En Algérie, le groupe Renault est leader pour la troisième année consécutive grâce à ses modèles low cost. La marque au losange devrait y ouvrir une usine avec la SNVI pour contourner les lourdes taxes à l’importation. Même succès au Maroc, avec 14 200 Logan écoulées en 2009. Renault veut continuer sur sa lancée. Sa nouvelle usine de Tanger produira 170 000 véhicules par an à partir de 2012. Moins heureux, Peugeot attend la sortie de son premier modèle low cost vers la fin de 2011 pour reconquérir les parts de marché abandonnées aux coréens Hyundai et Kia et au chinois Chery. En Afrique subsaharienne, la situation est plus difficile pour les Français. Peugeot a vendu seulement 2 000 véhicules neufs au sud du Sahara (hors Nigeria) l’an passé, submergé par les véhicules japonais, coréens puis chinois. « Nos clients nous reprochent de faire des voitures européennes. Le mot d’ordre est donc la robustesse et la simplicité », explique Antoine Bouzinac, chef de projet de la marque. C’est la réponse que vient de donner le groupe Renault­ avec son nouveau 4 x 4 Duster.

Transport maritime

C’est l’un des secteurs dans lesquels les Français résistent le mieux à la concurrence internationale, notamment asiatique. Après son cuisant revers en 2007 face à DP World pour la concession du port de Dakar, Bolloré a pris pied à Pointe-Noire (Congo) en 2008, au Togo et au Bénin en 2009. Déjà bien implanté en Afrique francophone, le groupe se positionne sur la corne du continent pour profiter de la forte croissance des flux commerciaux entre l’Afrique et l’Asie. Bolloré Logistic serait prêt à investir 500 millions d’euros dans le port de Berbera, dans le nord de la Somalie, pour ouvrir un nouveau corridor d’approvisionnement pour l’Éthiopie. Autre acteur incontournable : CMA CGM. En phase de redressement, le numéro trois mondial mise sur l’Afrique et sa filiale Delmas pour renouer avec une forte croissance. CMA CGM doit construire pour 2013 un port en eau profonde sur l’île de São Tomé pour 438 millions d’euros.

Grande distribution

Impossible de recenser le nombre exact de Leader Price, de Géant ou de Monoprix (groupe Casino), de Jumbo (Auchan), de Champion (Carrefour), etc., qui ont essaimé sur le continent, même si la grande distribution y est encore balbutiante.
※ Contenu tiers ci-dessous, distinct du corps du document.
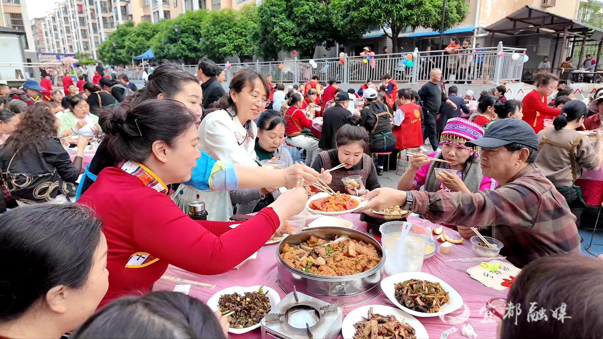 锦江社区居民高兰开心地说:“第八次参加这个活动了,感觉好温馨。百家宴好吃得很,有(抬)格子、好多的火锅,一会还上台去表演。我们社区居民自发地组织了节目《爱我中华》,体现各民族的大团结。”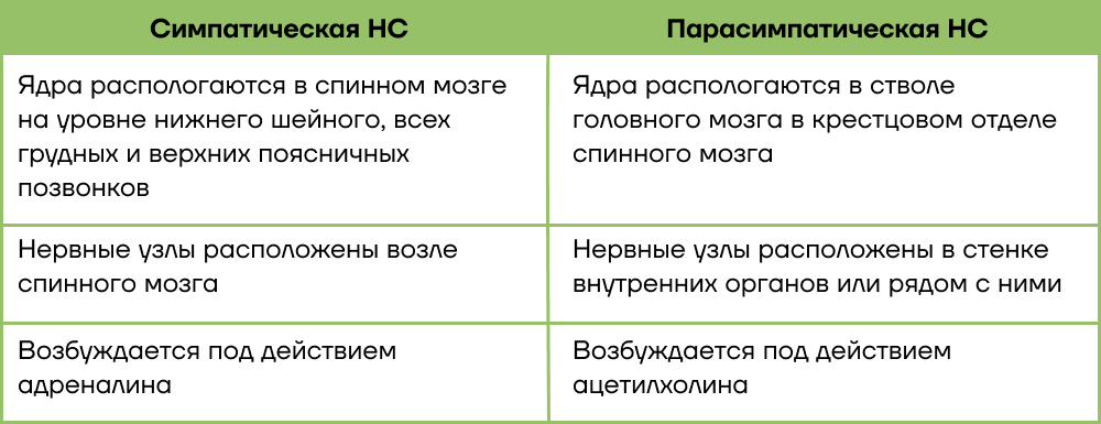 Вегетативная нервная система в свою очередь подразделяется на два отдела, названия которых можно запомнить по первым буквам ситуаций: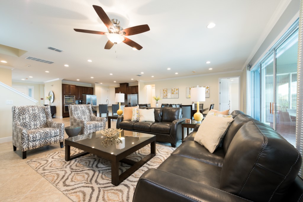 Spacious comfortable seating area with 2x sofas and 2x accent chairs overlooking the private pool deck through sliding glass doors

Seule certitude : leur développement s’y fait toujours avec l’appui d’un partenaire local, à l’instar de Casino qui recourt au système de la franchise. Ce dernier compte 13 hyper et supermarchés en Afrique subsaharienne, où il s’est allié aux groupes Mercure et Coubèche (Djibouti). En Tunisie, les 71 Monoprix ont été installés en partenariat avec Mabrouk. Mais tout n’est pas un long fleuve tranquille. Auchan a quitté le Maroc en 2007, après sept années de joint-venture avec l’ONA, en raison de divergences stratégiques. Pour Carrefour, présent en Tunisie et en Égypte mais qui a échoué en Afrique du Sud et en Algérie, l’arrivée au Maroc a payé : deux hypermarchés Label’Vie ont ouvert depuis février 2009. Si la concurrence est plutôt éclatée et locale, les distributeurs sud-africains (Woolworth, ShopRite, Spar ou Pick’n Pay) ont des visées continentales et se révéleront de sérieux compétiteurs à l’avenir.